- Mother Margherita Maria Guaini with Pope John Paul II.
- Born: 12 November 1902 Ceto, Val Camonica, Brescia, Italy
- Died: 2 March 1994 (aged 91) Varallo Sesia, Italy

= Margherita Maria Guaini =

Margherita Maria Guaini, Foundress of the Missionaries of Jesus the Eternal Priest, was born on 12 November 1902, in Ceto, Val Camonica in the Italian Province of Brescia. Her parents, Battista Guaini and Elisabetta Filippini, gave her the name Alice Antonia, when she was baptized on the same day that she was born.

When she was ten years old (in 1912), her family moved to Gozzolina, in the Municipality of Castiglione delle Stiviere, where she received her first communion two years later, on 21 June 1914, in the Parish of Sts.

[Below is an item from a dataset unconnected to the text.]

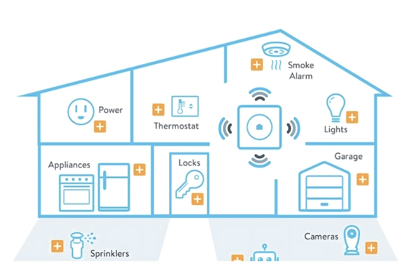 Source C A smart home is a household with internet-connected appliances you can remotely control using a tablet or smartphone. It uses smart devices such as smart TVs, smart thermostats, air conditioners, and even a robot vacuum. They are then connected together in a single network, through either hardwired or wireless systems like Zigbee, Wi-Fi, Bluetooth, and NFC, among others. Using the Internet of Things (IoT) technology, your smart appliances can communicate and share real time data with each other. This allows the devices to perform scheduled and automated tasks. IoT home gadgets bounce data back and forth with the use of sensors, learning and processing your patterns to automatically adjust themselves to your comfort. Some smart home Internet of Things applications are automatic light switches, burglar alarms, and voice-activated sound systems.

Nazario and Celso.

Since her youth, Antonietta (as she was fondly called by her family) showed deep attraction to prayer, devotion to the Eucharist, and love for the poor and suffering. She spent her adolescent years at the school of sacrifice and prayer, with simple and strong faith. trusting in Divine Providence, helping her mother educate and care her nine other younger siblings, while her father worked as a farmer.

When she was at the age of twenty years, she lost her mother. This left Antonietta to assist her father in taking care of all their family needs. She did so by working as a nurse in Castiglione and Mantua. Her devotion to the Blessed Virgin and her generous service to the sick and the poor drew her closer to Christ. Profoundly attracted to the Heart of Jesus, she opened her life to the action of divine grace and to the inspiration of the Holy Spirit, journeying with faith and courage along the path that God prepared for her. So, after having set her siblings in a decorous place, she surrendered herself totally to God.

Her spiritual journey started in the Institute of the Handmaids of Charity in Brescia, where she thread the arduous path by means of an apostolic life. Then, she deepened her search for perfection through silence, self-denial and total abandonment to God's will through an experience of contemplative life in the Monastery of the Visitation.

Through these spiritual experiences and discernment that moulded her in faith, little by little her vocation to serve Christ Priest and Victim unfolded before her eyes. In May 1947, she founded the Missionaries of Jesus the Eternal Priest. Six years after (on 12 September 1953), she and her community moved to Varallo Sesia in the Province of Vercelli, where they were welcomed and supported by Mons. Gilla Vincenzo Gremigni, Bishop of Novara.

When the Institute flourished and mature through the years, it received the approval of the Diocese of Novara, on 29 April 1964. Later, on 8 December 1975, Pope Paul VI elevated the Institute as a religious congregation with Pontifical rights.

After spending her life for God and humankind, and with the commitment to continue being the "mother" of priests and of those who suffer, she died in Varallo Sesia on 2 March 1994, at the age of 92 years. Her remains are enshrined in the Church of Our Lady of Graces in the same place where she died.

On 29 April 2011, Mons. Renato Corti, Bishop of Novara, opened the diocesan phase of the canonical procedure in view of examining the heroic virtue of Mother Margherita Maria Guaini, who is now a Servant of God.

Today, the Institute of the Missionaries of Jesus the Eternal Priest, which she established, is present in Italy, Latin America, Philippines, and India.